Two concentric metal spheres are found to have a potential difference of \(900 . \mathrm{V}\) when a charge of \(6.726 \cdot 10^{-8} \mathrm{C}\) is applied to them. The radius of the outer sphere is \(0.210 \mathrm{~m}\). What is the radius of the inner sphere?

Short answer

Answer: The radius of the inner sphere is approximately 0.141 m.

Step-by-step solution

Understand the given information and what we need to find

We are given the potential difference (\(V\)) between the two concentric metal spheres as \(900 \mathrm{V}\). We also know the charge (\(Q\)) applied to them is \(6.726 \cdot 10^{-8} \mathrm{C}\) and the radius of the outer sphere (\(R_2\)) is \(0.210 \mathrm{m}\). We need to find the radius of the inner sphere (\(R_1\)).

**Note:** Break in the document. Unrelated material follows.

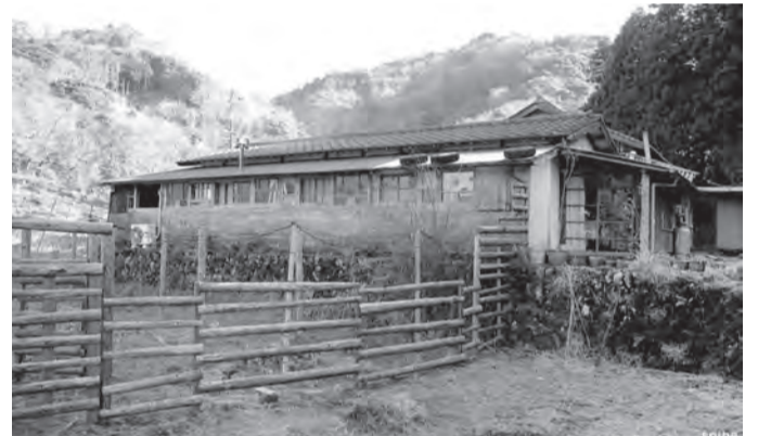
古い牛舎を改築した店舗は温みがあり懐かしさも漂う

Use the potential difference formula

In this case, we will use the following formula to relate the potential difference, charge, and radii of the spheres: $$ V = \frac{1}{4 \pi \epsilon_0} \cdot \frac{Q}{\frac{1}{R_1} - \frac{1}{R_2}} $$ Where \(\epsilon_0\) is the vacuum permittivity constant and is equal to \(8.854 \times 10^{-12} \mathrm{F/m}\).

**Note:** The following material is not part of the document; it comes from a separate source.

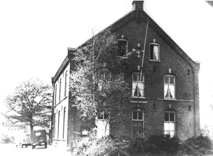
Fig. 13: Foto van Huize de Roos. De dienstauto, een jeep, staat naast het gebouw geparkeerd.

betrokken worden. Dat gebouw, beter bekend als Huize De Roos, werd nu gehuurd van het R.K. Kerkbestuur St. Petrus te Uden. Naast de bovenverdieping had de brigade ook de zolder en twee berghokken in gebruik. Cellen waren niet aanwezig.
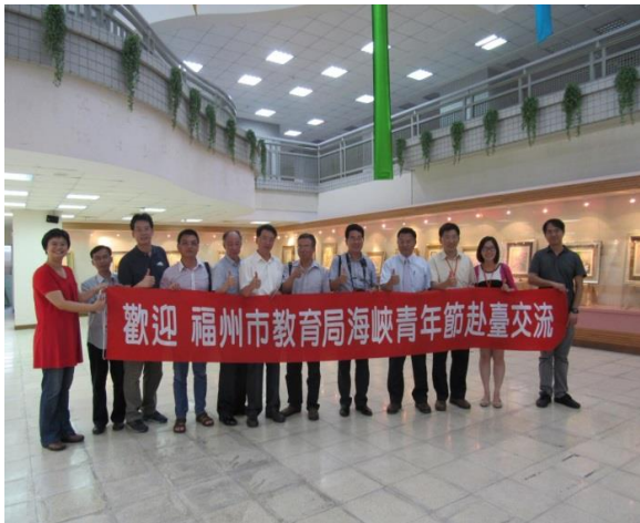
福州市技職教育交流團蒞校交流活動

Rearrange the formula to solve for \(R_1\)

We want to find \(R_1\), so we will rearrange the given formula to solve for it: $$ \frac{1}{R_1} - \frac{1}{R_2} = \frac{1}{4 \pi \epsilon_0} \cdot \frac{Q}{V} $$ $$ \frac{1}{R_1} = \frac{1}{4 \pi \epsilon_0} \cdot \frac{Q}{V} + \frac{1}{R_2} $$ $$ R_1 = \frac{1}{\frac{1}{4 \pi \epsilon_0} \cdot \frac{Q}{V} + \frac{1}{R_2}} $$

Calculate the radius of the inner sphere

Now we can plug in the values we are given to find \(R_1\): $$ R_1 = \frac{1}{\frac{1}{4 \pi (8.854 \times 10^{-12} \mathrm{F/m})} \cdot \frac{6.726 \times 10^{-8} \mathrm{C}}{900 \mathrm{V}} + \frac{1}{0.210 \mathrm{m}}} $$ Compute the value of \(R_1\): $$ R_1 \approx 0.141 \mathrm{m} $$ Therefore, the radius of the inner sphere is approximately \(0.141 \mathrm{m}\).